Frankie has two attributes that make launching the band tricky. First, she is utterly lazy. The idea of working hard to learn the guitar – or anything else – is anathema to her. Second, she is a compulsive liar. When the band wants to get access to a particular recording studio, Frankie will claim they have already been admitted – which is far from the truth.
Nevertheless as the three players become more proficient, so Seven grows in importance to all of them. Complexity arises around Haruna. She is a diligent student. Her mother is living with a man who is not her father. The problems that confront Haruna at home mean that her role as drummer in the band becomes intensely important to her. Aimee is gay. But she is struggling to achieve her own identity.
Will the band succeed? What might success or failure mean to the trio? The most powerful element in this book is the narrative around Haruna. Her story is convincing and engrossing. The way she tries to strike a balance between her problems at home and her musical career will capture the attention of any reader.
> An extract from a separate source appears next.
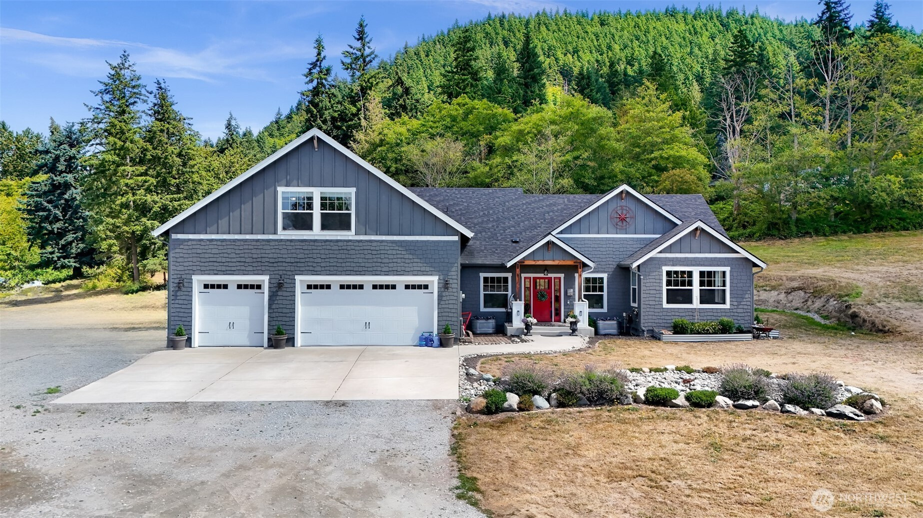 Impeccable NW Contemporary, Mid Century Home in desirable Hillcrest area of Mount Vernon. This well taken car of home boasts 3 bedrooms, 2bathrooms, featuring 2680 sq. ft and sits on a landscaped, private lot. 1950's styling in woodwork, cabinets and built ins. Double pane windows, private decks all overlooking Skagit Valley. Upgraded kitchen with quartz countertops, stainless steel appliances, and double oven. Large master suite with upgraded bathroom and deck to view the valley and sunsets. Fully fenced yard. New metal roof in 2021. New furnace in 2020. Dog run off mud room.

However the weakest point of the novel centres upon Frankie herself. Frankie is lazy, self-centred and demanding of unearned benefit. Her destructive behaviour is more or less tolerated by indulgent parents. The protagonist of a novel of course need not be a paragon of virtue. Plenty of successful novels have involved flawed protagonists. But the central character must have enough qualities to appeal to the reader – a test which Frankie signally fails.